------ INFORMATION SUPPLIED
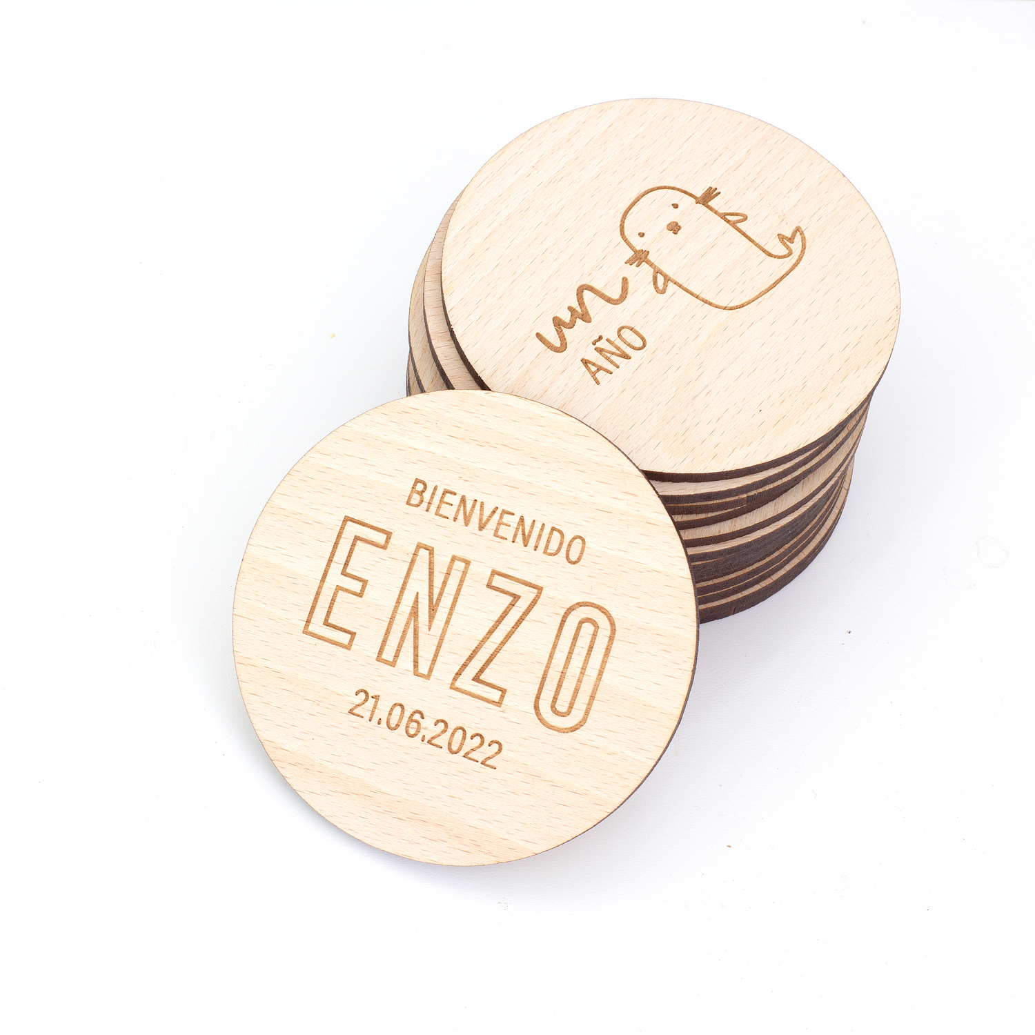 Incluye: 14 discos de madera: bienvenido, 1 mes, 2 meses, 3 meses, 4 meses, 5 meses, 6 meses, 7 meses, 8 meses, 9 meses, 10 meses, 11 meses, 12 meses y feliz cumpleaños.
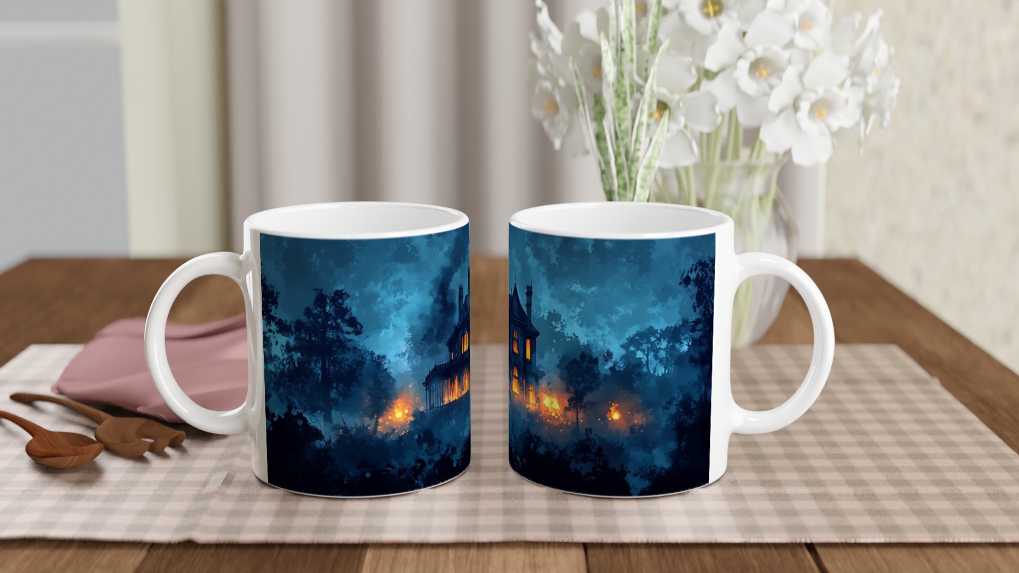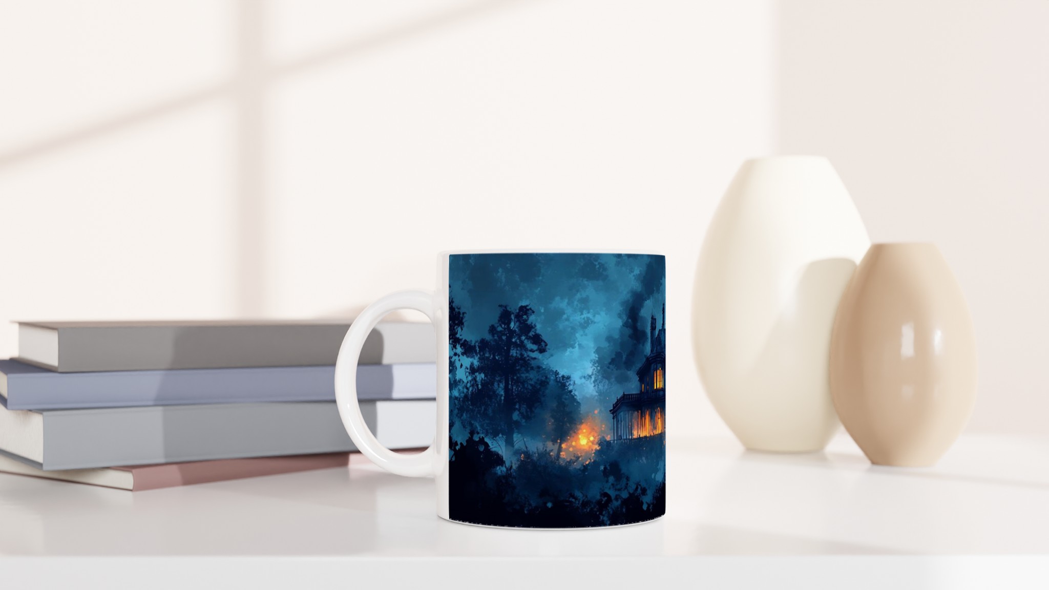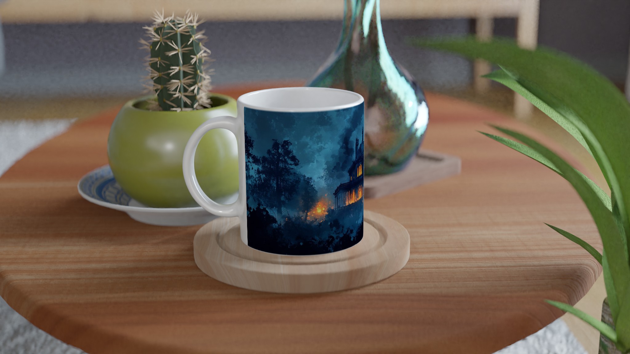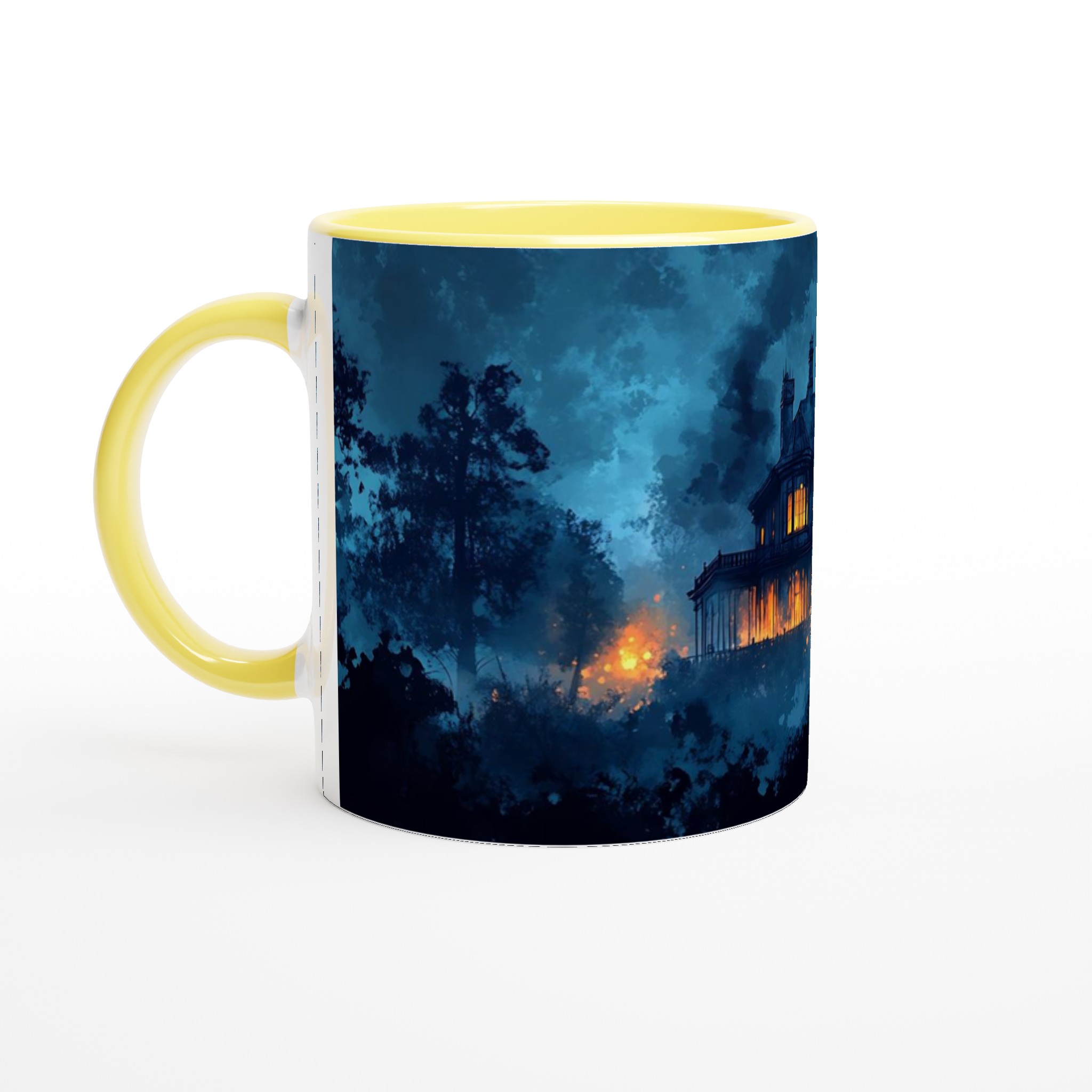 Eerie Haunted Mansion 11oz Ceramic Mug – Spooky Teal & Orange Art Coffee Cup
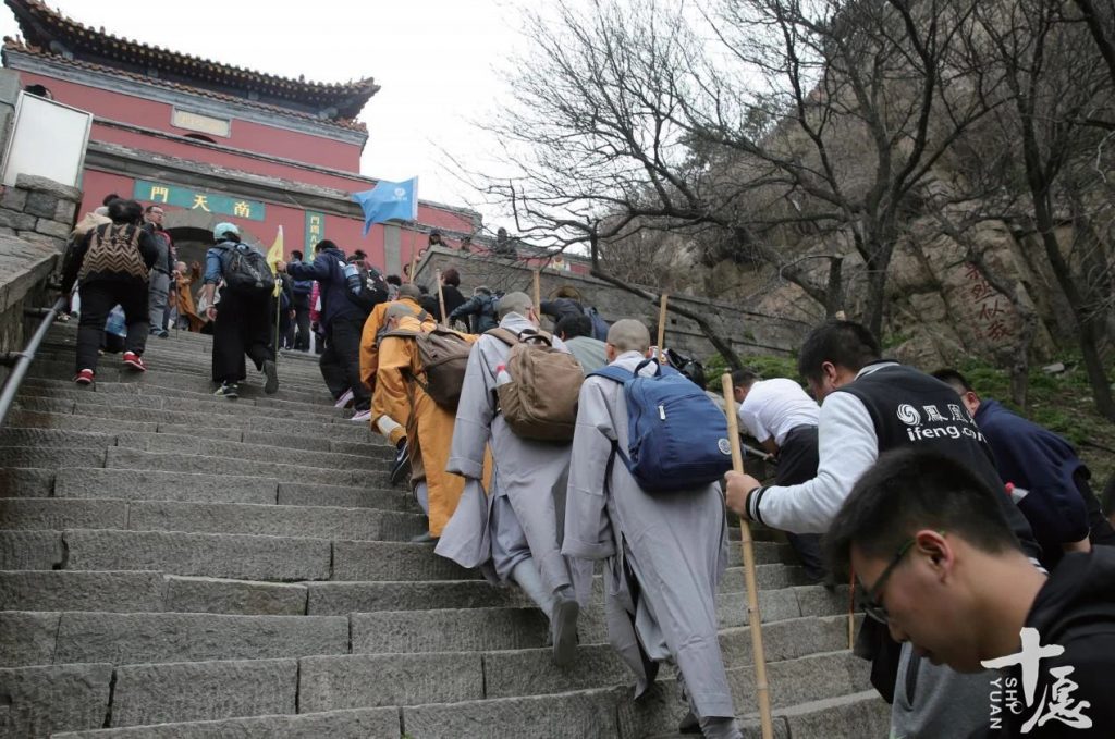 2017年,山东汶上宝相寺交流营,团队拓展登泰山
------------
■ ASSIGNMENT: Your task is an exact transcription of all the data, minus the pictures.

■ WRITTEN RESPONSE:
 Incluye: 14 discos de madera: bienvenido, 1 mes, 2 meses, 3 meses, 4 meses, 5 meses, 6 meses, 7 meses, 8 meses, 9 meses, 10 meses, 11 meses, 12 meses y feliz cumpleaños.
 Eerie Haunted Mansion 11oz Ceramic Mug – Spooky Teal & Orange Art Coffee Cup
 2017年,山东汶上宝相寺交流营,团队拓展登泰山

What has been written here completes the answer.